Output only the lines below from the one containing "이에 이항진 여주시장은" to the one containing "左写真|鳥羽商船高等専門学校", exactly as written, both ends kept.

_GIVEN DATA_.
BEGIN

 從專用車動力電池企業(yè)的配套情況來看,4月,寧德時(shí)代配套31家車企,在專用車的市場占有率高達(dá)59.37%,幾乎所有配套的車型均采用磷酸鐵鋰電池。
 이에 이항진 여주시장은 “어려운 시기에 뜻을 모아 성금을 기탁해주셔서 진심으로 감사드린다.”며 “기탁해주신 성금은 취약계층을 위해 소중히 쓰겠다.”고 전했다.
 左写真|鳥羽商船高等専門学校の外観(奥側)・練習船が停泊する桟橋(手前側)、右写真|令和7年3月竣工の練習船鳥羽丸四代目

END
BEGIN

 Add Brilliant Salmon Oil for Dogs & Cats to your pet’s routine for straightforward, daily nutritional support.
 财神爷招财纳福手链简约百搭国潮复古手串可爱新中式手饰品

END
BEGIN

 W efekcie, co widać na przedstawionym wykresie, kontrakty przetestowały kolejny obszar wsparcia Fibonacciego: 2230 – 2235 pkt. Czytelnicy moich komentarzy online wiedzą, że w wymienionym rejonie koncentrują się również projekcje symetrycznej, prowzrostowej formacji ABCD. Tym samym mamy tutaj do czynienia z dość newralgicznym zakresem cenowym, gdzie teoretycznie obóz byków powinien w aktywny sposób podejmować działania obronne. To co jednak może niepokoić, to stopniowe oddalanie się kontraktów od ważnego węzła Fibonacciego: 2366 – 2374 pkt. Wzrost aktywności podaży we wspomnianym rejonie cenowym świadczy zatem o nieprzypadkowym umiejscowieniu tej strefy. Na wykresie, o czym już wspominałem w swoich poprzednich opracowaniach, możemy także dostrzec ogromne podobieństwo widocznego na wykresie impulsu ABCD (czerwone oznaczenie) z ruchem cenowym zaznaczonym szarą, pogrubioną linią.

END

_SOLUTION TO THE PROBLEM_.
 이에 이항진 여주시장은 “어려운 시기에 뜻을 모아 성금을 기탁해주셔서 진심으로 감사드린다.”며 “기탁해주신 성금은 취약계층을 위해 소중히 쓰겠다.”고 전했다.
 左写真|鳥羽商船高等専門学校の外観(奥側)・練習船が停泊する桟橋(手前側)、右写真|令和7年3月竣工の練習船鳥羽丸四代目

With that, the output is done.